Потомуш некоторые всего этого вынести не могут. Берут и кончают с собой, как мистер Ройял, или просто исчезают, как мистер Голт, сосед наш старый, который раньше вторую овечью ферму держал. Или мистер Майкл, наш второй лучший плотник, или мистер Ван Вик, который пропал в тот самый день, когда сын его стал мужчиной. Не такое уж редкое это дело. Если весь твой мир – один-разъединственный Шумный городишко без малейшего будущего, иногда просто берешь и уходишь, хоть идти тебе и некуда.
Потомуш когда я, получеловек, вот сейчас гляжу отсюда на город, я слышу всех их до последнего. Их Шум омывает снизу холм, накатывается на него волнами, как потоп, как пожар, как чудовище размером с небо – наступает на тебя и бежать больше некуда.
Вот так оно все и есть. Каждую минуту каждого дня всей моей трепаной идиотской жизни в этом трепаном идиотском городе. Уши можно не затыкать, не поможет:
Голоса болтают, стонут, плачут, поют.
Плачут.
Поют.
И если бы только плакали и пели. Если бы только словами. Есть еще и картинки. Картинки хлещут тебе в голову потоком, как бы ты ни сопротивлялся: воспоминания, фантазии, тайны, планы, вранье, вранье, вранье. Потомуш и в Шуме можно врать – даже когда все вокруг знают, што ты думаешь, можно закопать одно под другое, спрятать у всех на виду; просто не думать четко или уговорить сам себя, што правда не это, а прямо противоположное, так што кто его разберет в целом потоке, где вода, а чем и носка не замочишь?
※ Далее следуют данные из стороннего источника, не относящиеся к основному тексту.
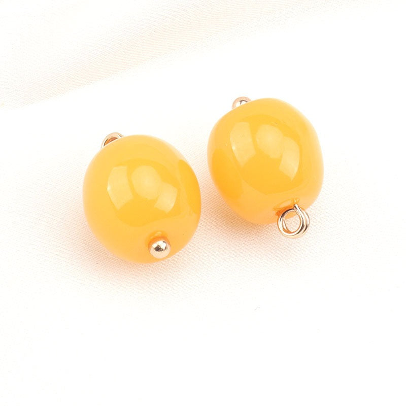 Ovi 12mm žuti gumbi od smole, ukrašeni zlatnim zakovicama, savršeno se slažu s kineskim ručno izrađenim svilanim cheongsamom i tang odijelom. Svijetlo žuta boja perli dodaje živahan i luksuzan dodir. Zlatne zakovice pojačavaju ukupnu eleganciju i profinjenost.

Потому што мужчины врут и больше всего врут самим себе.
Вот, например, я никогда не видел живьем ни спакла, ни женщины. На видаках – видел, пока их вне закона не объявили. Зато я их все время вижу в мужском Шуме, потому как о чем еще мужчинам думать, как не о врагах и сексе? Правда, спаклы у них в Шуме сильно крупнее и злее, чем на видаке. А у женщин светлее волосы и перси больше, а одежды на них меньше, и милошти они свои даруют куда свободней. А потому изо всей моей повести о нашем здешнем житье-бытье прежде всего и важнее всего надо помнить одно: Шум не есть истина. Шум – то, што мужчины хотят видеть как истину, и между тем и другим есть разница – такая огромная, што, не ровен час, задавит, если не быть все время настороже.
– Домой, Тодд? – гавкнул снизу Мэнчи.
Погромче прежнего, потому как нет иного способа разговаривать в Шуме.
– Ага, пошли.
Мы жили на другой стороне, с северо-востока, и штобы попасть туда, нужно пройти чрез город насквозь, хошь не хошь, и как можно скорее.
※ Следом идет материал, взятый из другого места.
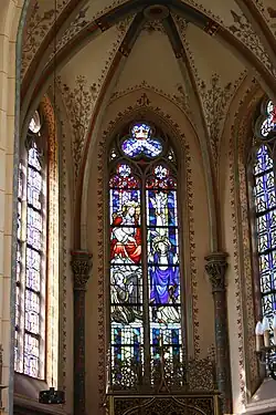Die helle und gleichmäßige Belichtung der Kapelle wird durch die Maßwerkfenster über dem Sockelgeschoss erzielt, ermöglicht durch das Stelzen der Gewölbekappen und die schlanken Dienste. Die ursprünglichen Bleiglasfenster, von der Königlich Sächsischen Hof-Glasmalerwerkstatt Hertel & Lersch in Düsseldorf hergestellt, wurden durch Fliegerbomben in der Neujahrsnacht 1945 zerstört. Das Chorfenster mit der Darstellung der Marienkrönung wurde 1951 von der Glasmalerei Heinrich Maier in Bad Neuenahr angefertigt. Die Fußbodenfliesen, ebenfalls von Pickel entworfen, lieferte die Sinziger Mosaikplatten- & Thonwaaren-Fabrik. Nach Entwürfen von Pickel wurde der Altar aus Bamberger Sandstein und die 12 Weihekreuze gefertigt.

Первым делом мимо лавки мистера Фелпса. Лавка загибается, как и все в городе, и большую часть времени мистер Фелпс проводит в пучине отчаяния. Когда приходишь к нему за покупками, он ведет себя вежливо, но беда так и сочится из него, каплет, как гной из пореза. Конец, говорит его Шум, всему конец, и Джули, милая, дорогая моя Джули – это жена, и в Шуме у мистера Фелпса она щеголяет всегда в чем мать родила.
– Здорово, Тодд, – кричит он, завидев, как мы с Мэнчи несемся мимо.
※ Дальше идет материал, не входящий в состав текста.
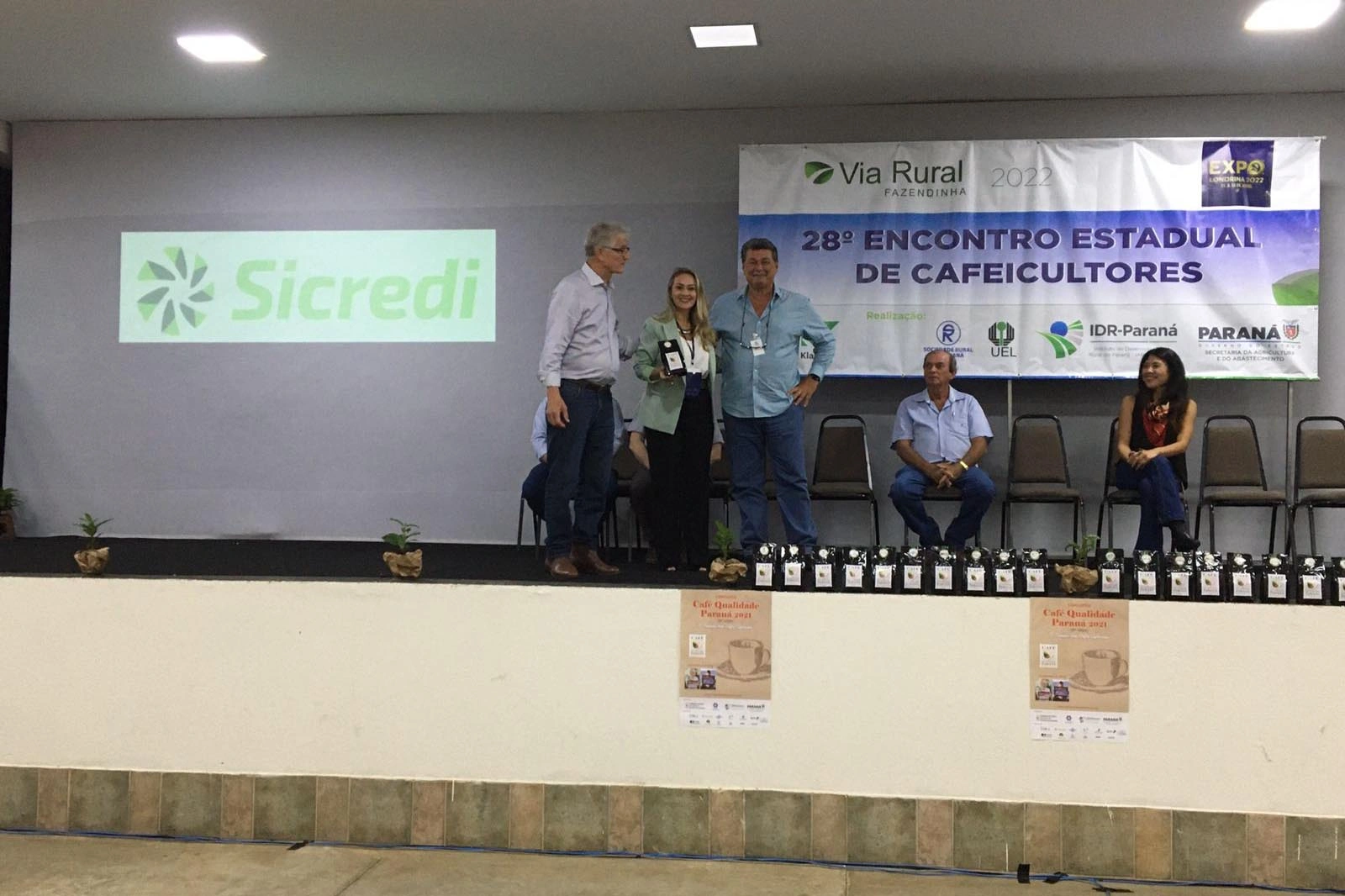 Com raízes no campo e uma longa parceria com o produtor rural, o Sicredi participou do 28.º Encontro Estadual de Cafeicultores, realizado na última quinta-feira (7), no Parque de Exposições Ney Braga, em Londrina (PR). O evento, que tratou sobre o fortalecimento da produção cafeeira paranaense, contou com a presença do secretário de Agricultura e do Abastecimento do Paraná, Norberto Ortigara, e dos patrocinadores masters da 19.ª edição do Concurso Café Qualidade Paraná, que receberam os lotes vencedores da premiação realizada em 2021.

– И вам здравствовать, мистер Фелпс.
– День-то нонеча какая красивая, а?
– Да хоть куда, мистер Фелпс.
– Крыса! – по-своему понимает Мэнчи, и мистер Фелпс хохочет, но его Шум продолжает твердить конец, и Джули, и тряпки, и сыпать картинками того, по чём он особенно скучает в жене и што она, бывалоча, делала, как будто в этом есть што-то уникальное.
Я у себя в Шуме не думаю ничего такого специального для мистера Фелпса, только обычное барахло, с которым все равно ничего не поделать. Хотя, должен признать, думаю громко, штобы прикрыть мысли о той дыре на болотах, спрятать ее под Шумом пошумнее.
Ума не приложу, зачем мне это… зачем ее прятать.
Но все равно прячу.
Мы с Мэнчи чешем во все лопатки, потомуш следующим номером у нас бензоштанция, а к ней комплектом мистер Моллот. Бензоштанция больше не работает, потому што делегенератор, делавший бензин, о прошлом годе дал дуба и торчит теперь рядом со штанцией, как эдакий безобразный большой палец на ноге, когда его собьешь и наступать больно, и никто рядом с ним не живет, окромя мистера Моллота, а мистер Моллот гораздо хуже мистера Фелпса: он свой Шум целит прямо в тебя.
А Шум у него гадкий. Злой Шум. В нем видишь себя так, как ни в жизнь не захотел бы видеть; скверные картинки, жестокие, с кровью, так што остается только выкрутить свой собственный Шум на полную мощность и поглотить им Шум мистера Фелпса, и послать ему оба назад.
Яблоки и всему конец и сначала руку и Бен и Джули и Крыса, Тодд? и генератор козлит и тряпки и просто заткнись уже.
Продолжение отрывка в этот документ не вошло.